■ **WHAT YOU WILL DO**: Lines in the listing under this task are to be copied exactly.

○ ○ ○ ○ ○

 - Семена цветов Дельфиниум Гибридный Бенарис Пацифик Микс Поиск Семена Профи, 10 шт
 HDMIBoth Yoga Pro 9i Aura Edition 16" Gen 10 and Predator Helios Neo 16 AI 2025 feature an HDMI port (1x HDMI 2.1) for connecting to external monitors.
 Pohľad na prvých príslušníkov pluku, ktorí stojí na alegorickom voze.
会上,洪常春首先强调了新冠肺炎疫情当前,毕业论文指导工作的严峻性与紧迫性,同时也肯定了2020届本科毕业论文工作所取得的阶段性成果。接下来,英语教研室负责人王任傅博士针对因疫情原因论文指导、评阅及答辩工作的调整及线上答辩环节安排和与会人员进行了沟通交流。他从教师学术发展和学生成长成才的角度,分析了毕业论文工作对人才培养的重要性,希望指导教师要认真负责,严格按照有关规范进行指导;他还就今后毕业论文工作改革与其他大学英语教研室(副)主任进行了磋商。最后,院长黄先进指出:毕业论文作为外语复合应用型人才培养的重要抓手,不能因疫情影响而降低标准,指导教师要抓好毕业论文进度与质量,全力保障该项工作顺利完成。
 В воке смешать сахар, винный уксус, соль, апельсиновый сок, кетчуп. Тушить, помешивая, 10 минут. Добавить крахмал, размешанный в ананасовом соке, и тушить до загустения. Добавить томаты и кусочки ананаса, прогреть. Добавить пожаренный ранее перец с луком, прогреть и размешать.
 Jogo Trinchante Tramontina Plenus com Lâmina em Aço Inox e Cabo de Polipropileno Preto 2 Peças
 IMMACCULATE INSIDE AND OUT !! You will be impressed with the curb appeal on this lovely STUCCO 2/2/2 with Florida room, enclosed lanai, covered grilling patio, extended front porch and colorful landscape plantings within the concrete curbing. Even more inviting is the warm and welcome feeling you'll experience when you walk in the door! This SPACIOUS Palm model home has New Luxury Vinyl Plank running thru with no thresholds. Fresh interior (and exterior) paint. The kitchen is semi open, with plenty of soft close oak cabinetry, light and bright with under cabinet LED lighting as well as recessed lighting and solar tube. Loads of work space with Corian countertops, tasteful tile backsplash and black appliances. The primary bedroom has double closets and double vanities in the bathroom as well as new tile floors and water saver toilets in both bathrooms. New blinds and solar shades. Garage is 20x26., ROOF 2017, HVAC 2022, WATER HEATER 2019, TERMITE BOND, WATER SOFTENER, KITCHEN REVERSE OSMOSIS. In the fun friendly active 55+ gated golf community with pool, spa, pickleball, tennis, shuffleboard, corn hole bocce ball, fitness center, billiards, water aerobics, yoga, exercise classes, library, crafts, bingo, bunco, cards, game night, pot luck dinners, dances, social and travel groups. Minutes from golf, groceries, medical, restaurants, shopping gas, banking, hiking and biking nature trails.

○ ○ ○ ○ ○

■ **ANSWER SPACE**:
 - Семена цветов Дельфиниум Гибридный Бенарис Пацифик Микс Поиск Семена Профи, 10 шт
 HDMIBoth Yoga Pro 9i Aura Edition 16" Gen 10 and Predator Helios Neo 16 AI 2025 feature an HDMI port (1x HDMI 2.1) for connecting to external monitors.
 Pohľad na prvých príslušníkov pluku, ktorí stojí na alegorickom voze.
会上,洪常春首先强调了新冠肺炎疫情当前,毕业论文指导工作的严峻性与紧迫性,同时也肯定了2020届本科毕业论文工作所取得的阶段性成果。接下来,英语教研室负责人王任傅博士针对因疫情原因论文指导、评阅及答辩工作的调整及线上答辩环节安排和与会人员进行了沟通交流。他从教师学术发展和学生成长成才的角度,分析了毕业论文工作对人才培养的重要性,希望指导教师要认真负责,严格按照有关规范进行指导;他还就今后毕业论文工作改革与其他大学英语教研室(副)主任进行了磋商。最后,院长黄先进指出:毕业论文作为外语复合应用型人才培养的重要抓手,不能因疫情影响而降低标准,指导教师要抓好毕业论文进度与质量,全力保障该项工作顺利完成。
 В воке смешать сахар, винный уксус, соль, апельсиновый сок, кетчуп. Тушить, помешивая, 10 минут. Добавить крахмал, размешанный в ананасовом соке, и тушить до загустения. Добавить томаты и кусочки ананаса, прогреть. Добавить пожаренный ранее перец с луком, прогреть и размешать.
 Jogo Trinchante Tramontina Plenus com Lâmina em Aço Inox e Cabo de Polipropileno Preto 2 Peças
 IMMACCULATE INSIDE AND OUT !! You will be impressed with the curb appeal on this lovely STUCCO 2/2/2 with Florida room, enclosed lanai, covered grilling patio, extended front porch and colorful landscape plantings within the concrete curbing. Even more inviting is the warm and welcome feeling you'll experience when you walk in the door! This SPACIOUS Palm model home has New Luxury Vinyl Plank running thru with no thresholds. Fresh interior (and exterior) paint. The kitchen is semi open, with plenty of soft close oak cabinetry, light and bright with under cabinet LED lighting as well as recessed lighting and solar tube. Loads of work space with Corian countertops, tasteful tile backsplash and black appliances. The primary bedroom has double closets and double vanities in the bathroom as well as new tile floors and water saver toilets in both bathrooms. New blinds and solar shades. Garage is 20x26., ROOF 2017, HVAC 2022, WATER HEATER 2019, TERMITE BOND, WATER SOFTENER, KITCHEN REVERSE OSMOSIS. In the fun friendly active 55+ gated golf community with pool, spa, pickleball, tennis, shuffleboard, corn hole bocce ball, fitness center, billiards, water aerobics, yoga, exercise classes, library, crafts, bingo, bunco, cards, game night, pot luck dinners, dances, social and travel groups. Minutes from golf, groceries, medical, restaurants, shopping gas, banking, hiking and biking nature trails.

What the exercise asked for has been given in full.